Study characteristics
We carried out a review of all available and relevant evidence on the effectiveness and safety of anticonvulsant drugs used in the first-line treatment of tonic-clonic convulsions in children who attended hospital A&E departments. This review examined data from 18 randomised controlled trials (RCTs); RCTs provide the most reliable evidence. They investigated the use of different anticonvulsant drugs and given by different routes.
Key Results
The review included 18 RCTs involving 2199 children, and investigated many different anticonvulsant drugs, doses of the drugs and routes of administration of the drugs. The studies also had some differences in their designs, their settings and the populations of children included, in terms of their ages and their clinical situation (such as how long their convulsion had been going on when they were recruited into the trial).

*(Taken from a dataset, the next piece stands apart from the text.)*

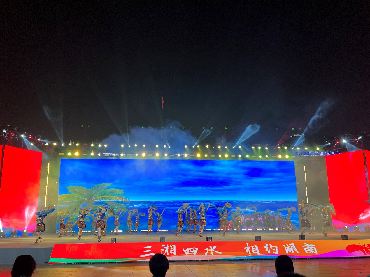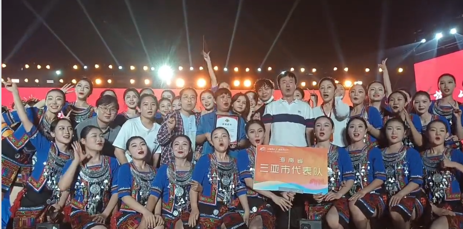 三湘四水,相约湖南。随着各省份一系列广场舞大赛比拼,9月25日由湖南、海南、广东、广西、江西、福建六省获胜队伍在湖南郴州五岭广场举行第二轮的比赛。公司张翰豪老师和吕艺婧老师带队32名舞蹈编导员工前往湖南省郴州进行广场舞展演,由3044am永利集团选送的节目《请到天涯海角来》代表着海南三亚队参赛并取得优异成绩。

Analysis of two trials found no clear evidence of a different effect between intravenous lorazepam and intravenous diazepam in stopping a tonic-clonic convulsion taken to an Emergency Department. There is uncertainty about whether buccal midazolam is more effective than rectal diazepam as the first management of a tonic-clonic convulsion or convulsive status epilepticus when intravenous access is unavailable. There is no good evidence that the intranasal route is as effective as the intravenous route. Consequently there is no evidence that it can be used as an alternative route of administration.
Although medications such as midazolam, lorazepam and paraldehyde can reduce breathing rates, this is not a common complication and was not seen very often in the included studies. Rates of serious side effects of these medications are generally very low.
Quality of the evidence
Many of the trials used different drugs, different dosages and different routes of administration. This has to be taken into account when looking at the overall conclusion of this review. Most of the trials took place in large children’s hospitals or in large children’s departments in a general hospital. This means that the results found in this review are probably relevant for similar clinical situations throughout the world.

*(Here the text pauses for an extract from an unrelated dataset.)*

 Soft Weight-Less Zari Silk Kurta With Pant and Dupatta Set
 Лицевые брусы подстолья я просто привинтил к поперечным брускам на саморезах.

The quality of the evidence provided in this review ranged from very low to high. The quality of the evidence provided for some outcomes is low to very low, due to imprecise results where limited information was available for analysis. There were also variability and problems within the designs of some studies, which may have influenced the findings. The quality of evidence was lower in some study settings which were specific to the country in which they were conducted, so the results may not reflect clinical practice worldwide.
The evidence is current to May 2017.